§ **DATA SEGMENT**:
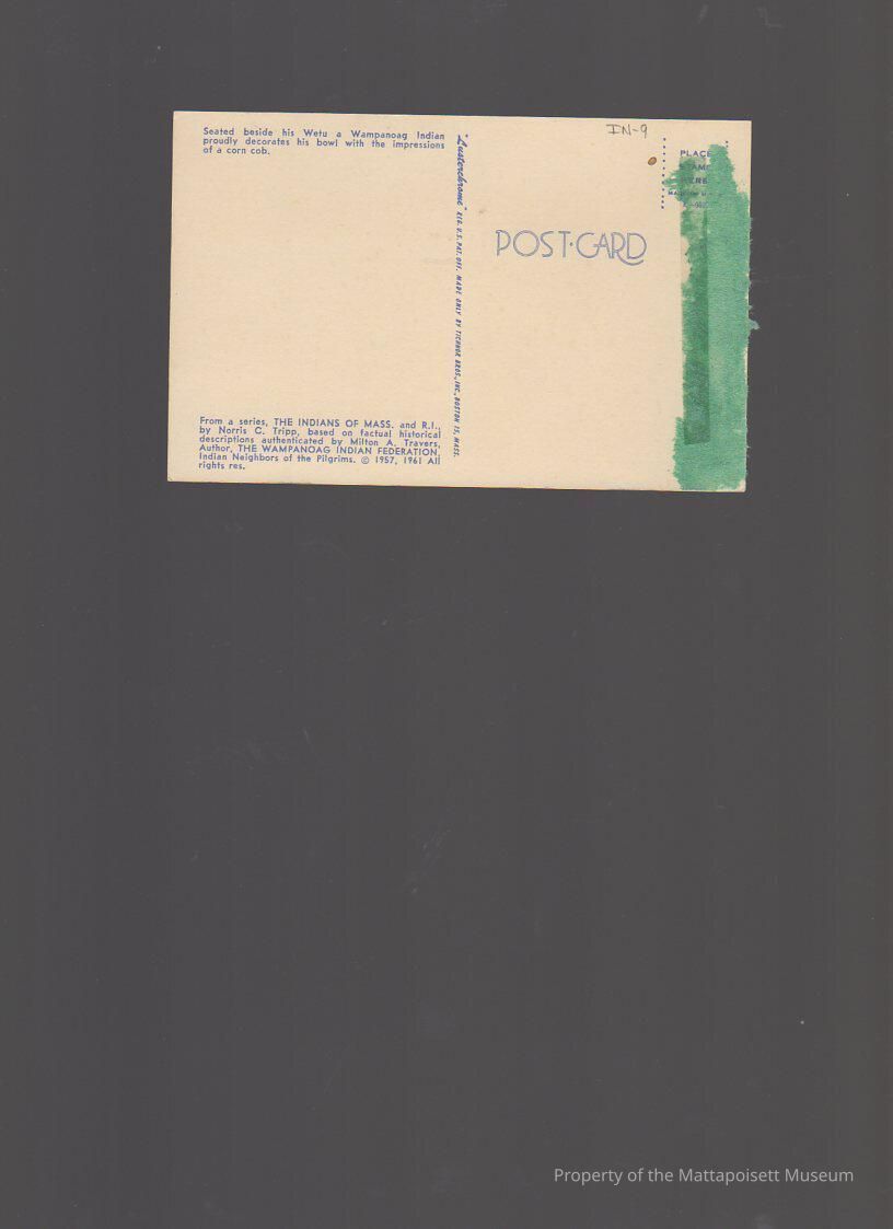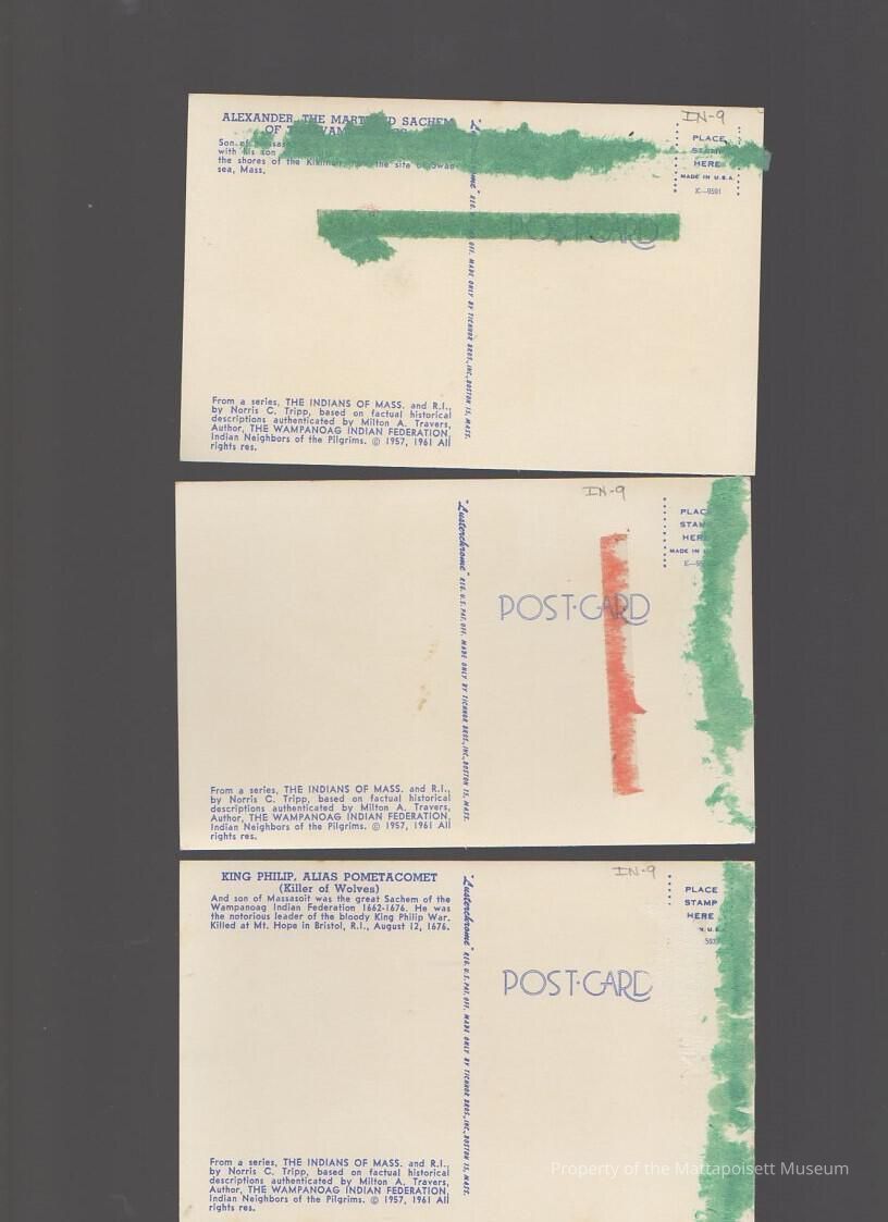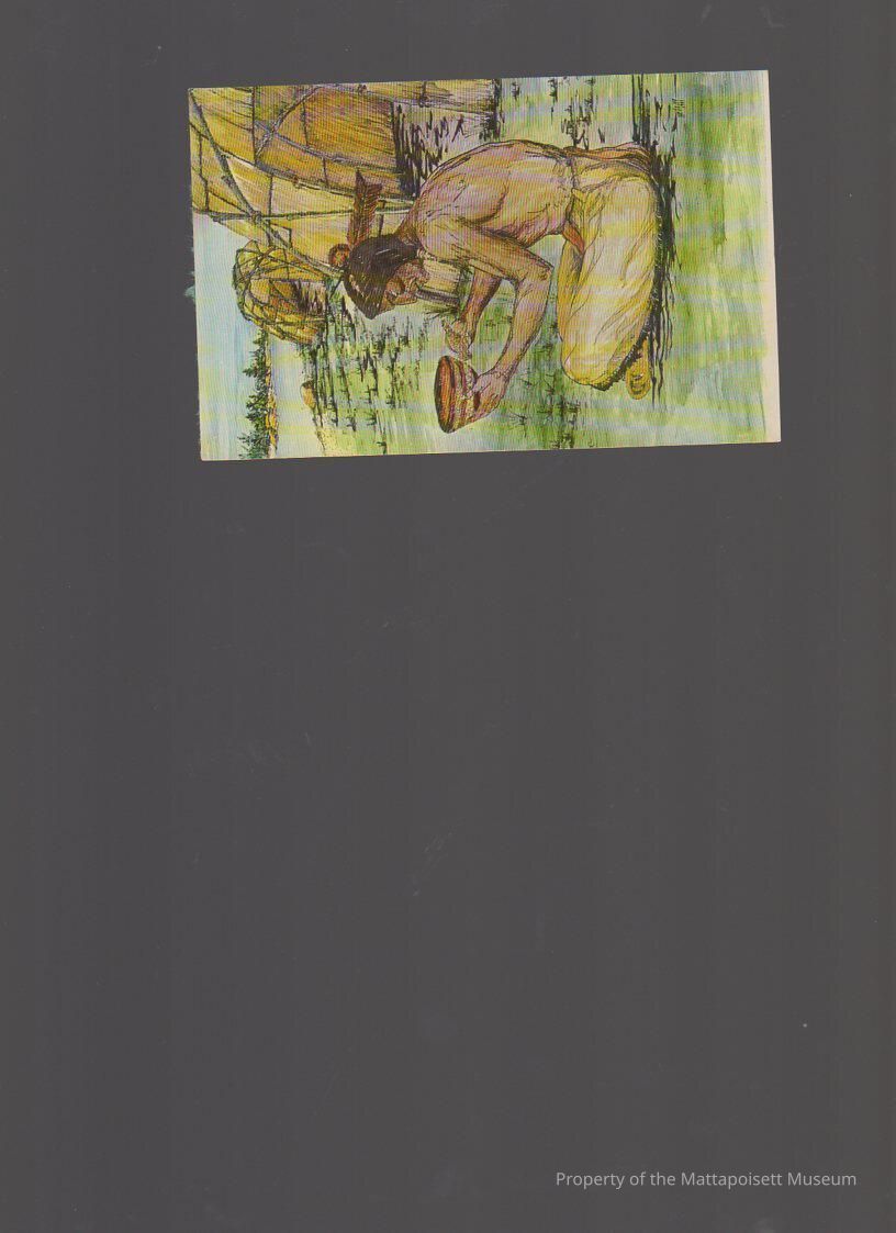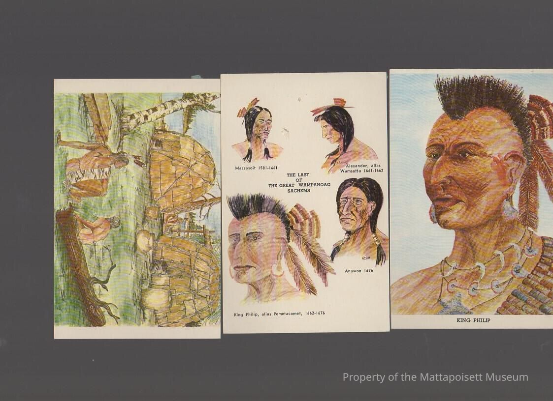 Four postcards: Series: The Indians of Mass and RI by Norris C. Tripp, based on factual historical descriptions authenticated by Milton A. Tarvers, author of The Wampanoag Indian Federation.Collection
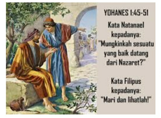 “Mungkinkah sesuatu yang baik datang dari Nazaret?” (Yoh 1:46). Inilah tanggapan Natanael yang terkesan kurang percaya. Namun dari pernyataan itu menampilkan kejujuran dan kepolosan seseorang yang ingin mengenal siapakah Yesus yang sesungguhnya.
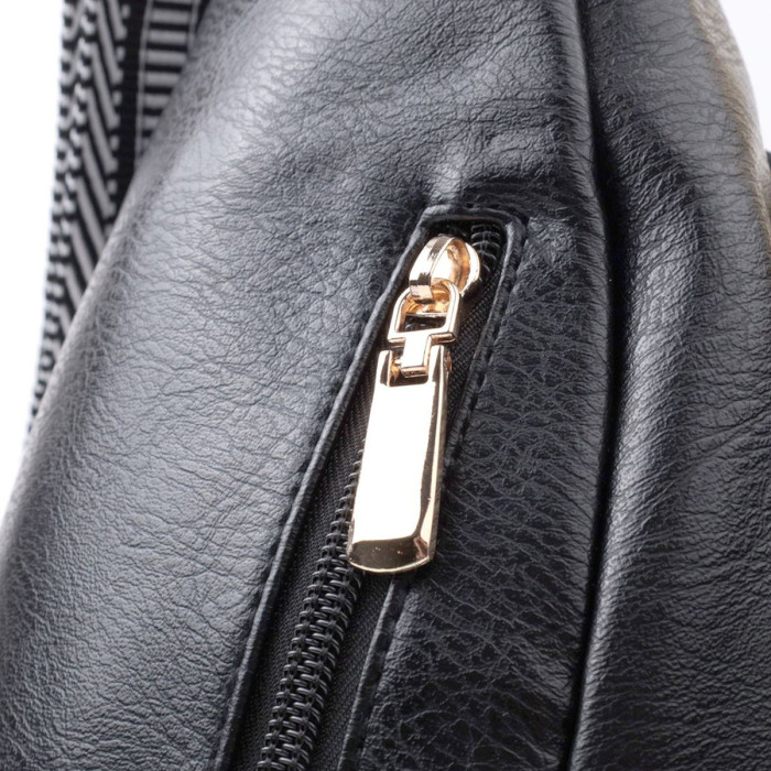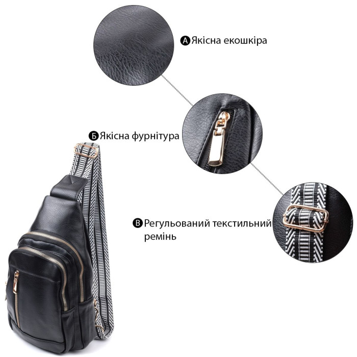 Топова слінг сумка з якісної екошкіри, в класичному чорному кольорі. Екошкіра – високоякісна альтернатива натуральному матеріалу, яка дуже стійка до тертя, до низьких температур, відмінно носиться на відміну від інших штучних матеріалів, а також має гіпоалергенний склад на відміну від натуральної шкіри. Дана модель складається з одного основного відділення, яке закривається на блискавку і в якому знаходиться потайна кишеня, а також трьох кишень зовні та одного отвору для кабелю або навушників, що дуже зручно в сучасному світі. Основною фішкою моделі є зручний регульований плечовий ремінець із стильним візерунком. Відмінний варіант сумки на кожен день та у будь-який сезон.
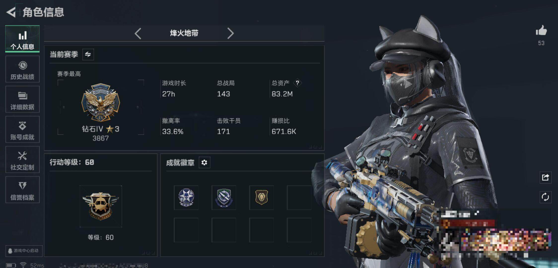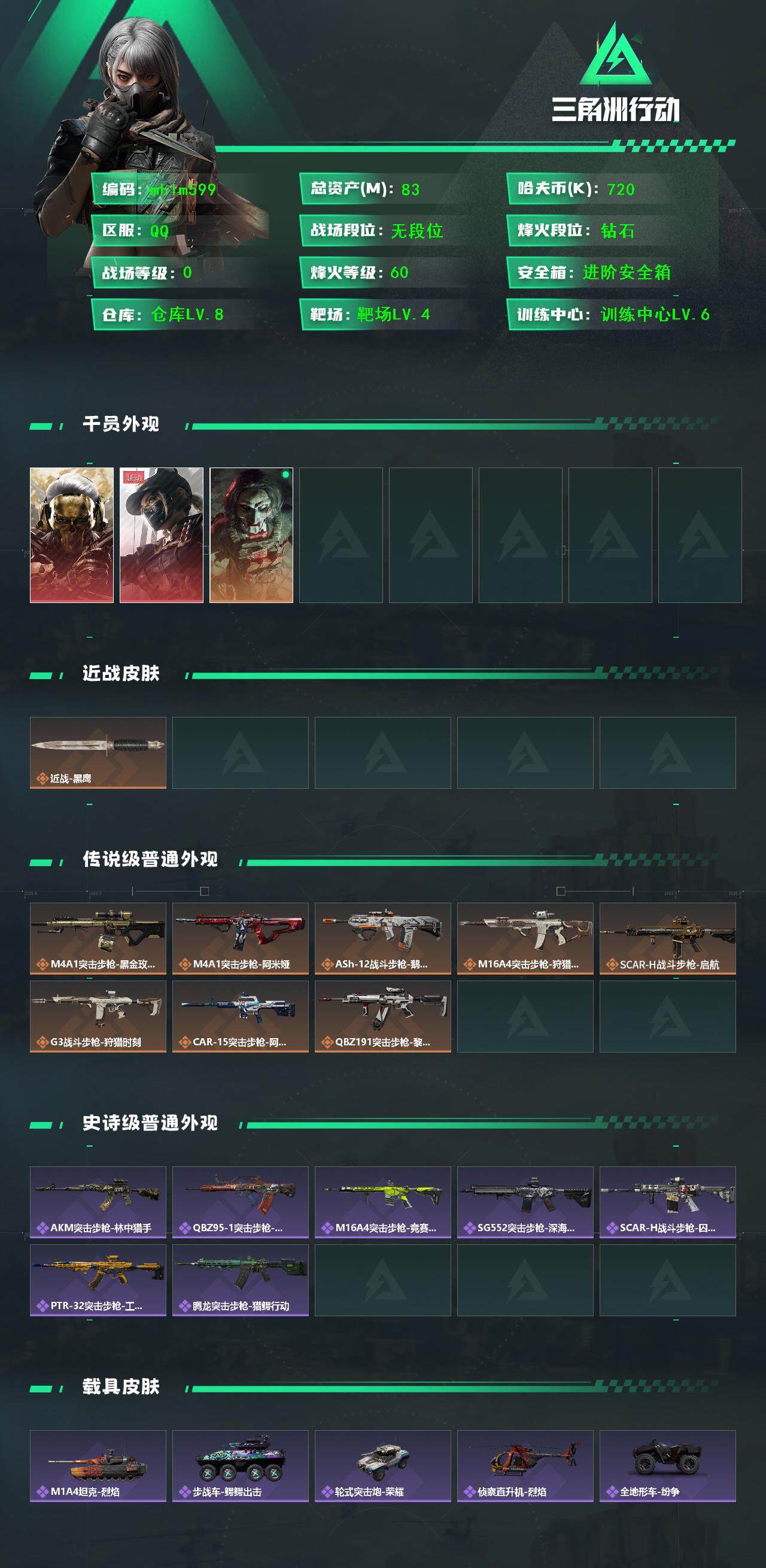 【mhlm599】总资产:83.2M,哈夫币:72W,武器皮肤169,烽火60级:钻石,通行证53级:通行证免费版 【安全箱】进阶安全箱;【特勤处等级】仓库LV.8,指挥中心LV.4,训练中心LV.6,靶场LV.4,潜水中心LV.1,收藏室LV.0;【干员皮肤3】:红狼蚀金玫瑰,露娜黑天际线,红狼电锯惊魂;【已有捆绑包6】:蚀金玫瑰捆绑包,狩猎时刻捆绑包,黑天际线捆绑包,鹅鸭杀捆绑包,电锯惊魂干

§ **INSTRUCTIONS TO FOLLOW**:
Print out the material word for word, omitting the pictures.

§ **SOLUTION FOR THIS PROBLEM**:
 Four postcards: Series: The Indians of Mass and RI by Norris C. Tripp, based on factual historical descriptions authenticated by Milton A. Tarvers, author of The Wampanoag Indian Federation.Collection
 “Mungkinkah sesuatu yang baik datang dari Nazaret?” (Yoh 1:46). Inilah tanggapan Natanael yang terkesan kurang percaya. Namun dari pernyataan itu menampilkan kejujuran dan kepolosan seseorang yang ingin mengenal siapakah Yesus yang sesungguhnya.
 Топова слінг сумка з якісної екошкіри, в класичному чорному кольорі. Екошкіра – високоякісна альтернатива натуральному матеріалу, яка дуже стійка до тертя, до низьких температур, відмінно носиться на відміну від інших штучних матеріалів, а також має гіпоалергенний склад на відміну від натуральної шкіри. Дана модель складається з одного основного відділення, яке закривається на блискавку і в якому знаходиться потайна кишеня, а також трьох кишень зовні та одного отвору для кабелю або навушників, що дуже зручно в сучасному світі. Основною фішкою моделі є зручний регульований плечовий ремінець із стильним візерунком. Відмінний варіант сумки на кожен день та у будь-який сезон.
 【mhlm599】总资产:83.2M,哈夫币:72W,武器皮肤169,烽火60级:钻石,通行证53级:通行证免费版 【安全箱】进阶安全箱;【特勤处等级】仓库LV.8,指挥中心LV.4,训练中心LV.6,靶场LV.4,潜水中心LV.1,收藏室LV.0;【干员皮肤3】:红狼蚀金玫瑰,露娜黑天际线,红狼电锯惊魂;【已有捆绑包6】:蚀金玫瑰捆绑包,狩猎时刻捆绑包,黑天际线捆绑包,鹅鸭杀捆绑包,电锯惊魂干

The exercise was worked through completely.